Practical Data Analysis with JMP, Third Edition. Robert Carver
Чтение книги онлайн.
Читать онлайн книгу Practical Data Analysis with JMP, Third Edition - Robert Carver страница 16
3. In the NHANES 2016 data table, one nominal variable appears as continuous data within the Columns panel. Find the misclassified variable and correct it by changing its modeling type to nominal.
4. The NHANES 2016 data table was assembled by scientific researchers. Why don’t we consider this data table to be experimental data?
5. Find the data table called Military. We will use this table in later chapters. This table contains rank, gender, and race information about more than a million U.S. military personnel. Use a technique presented in this chapter to create a data table containing a random sample of 500 individuals from this data table.
6. In Chapter 3, we will work with a data table called NIKKEI225. Open this table and examine the columns and metadata contained within the table. Write a short paragraph describing the contents of the table, explaining how the data were collected (experiment, observation, or survey), and define each variable and its modeling type.
7. In later chapters, we will work with a data table called Earthquakes. Open this table and examine the columns and metadata contained within the table. Write a short paragraph describing the contents of the table, explain how the data were collected (experiment, observation, or survey), and define each variable and its modeling type.
8. In later chapters, we will work with a data table called Tobacco Use. Open this table and examine the columns and metadata contained within the table. Write a short paragraph describing the contents of the table, explain how the data were collected (experiment, observation, or survey), and define each variable and its modeling type.
9. Open the Dolphins data table, which we will work with in a later chapter. What are the variable(s), observational units, and data types represented in this table?
10. Open the data table TimeUse, which we will analyze more fully in later chapters. Write a few sentences to explain the contents of the columns named marst, empstat, sleeping, and telff.

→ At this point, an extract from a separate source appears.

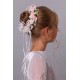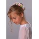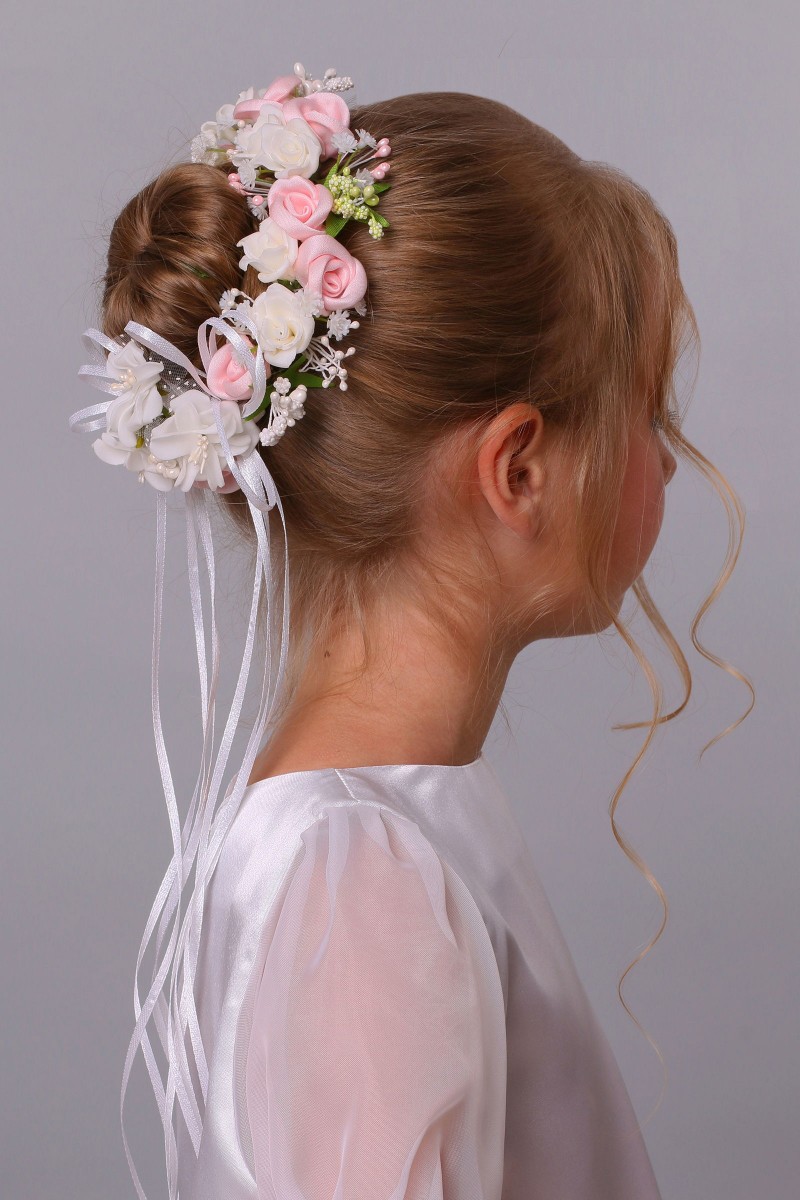 Wzór na fotografii należy do kategorii: Dodatki komunijne dla dziewczynek. Modelka prezentuje wianek komunijny należący do serii: Wianki komunijne "Jak żywe" na koczek.

11. Open the States data table, which contains statistics about the 50 U.S. states and the District of Columbia. Write a short paragraph describing the contents of the table and, in particular, define the columns called poverty, fed_spend2010, and homicide.
Endnotes
1. In Chapter 21, we will learn how to design experiments. In this chapter, we will concentrate on the nature of experimental data.

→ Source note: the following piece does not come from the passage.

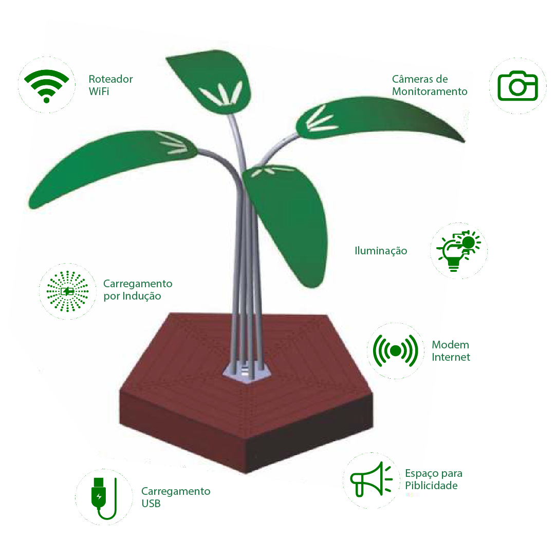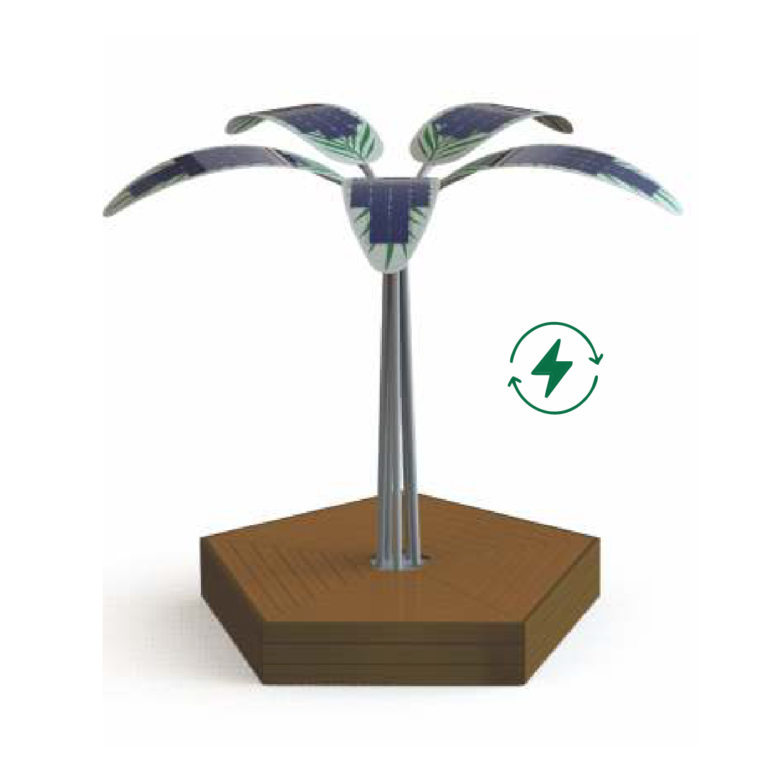A OPTree é um mobiliário urbano, que vem revolucionando o uso do espaço das cidades A OPTreeTM combina design, inovação e sustentabilidade tendo em suas folhas com filme de OPV laminado em vidro, gera energia elétrica de forma independente e sustentável, possibilitando o carregamento de smartphones por meios de entradas USB e energia para a iluminação.

2. Visit http://www.cdc.gov/nchs/surveys.htm to find the NHANES and other public-use survey data. Though the topic is beyond the scope of this book, readers engaged in survey research will want to learn how to conduct a database query and import the results into JMP. Interested readers should consult the section on “Importing Data” in Chapter 2 of the JMP User Guide.
3. Visit https://climatecommunication.yale.edu/publications/politics-global-warming-april-2019/ to read the full report.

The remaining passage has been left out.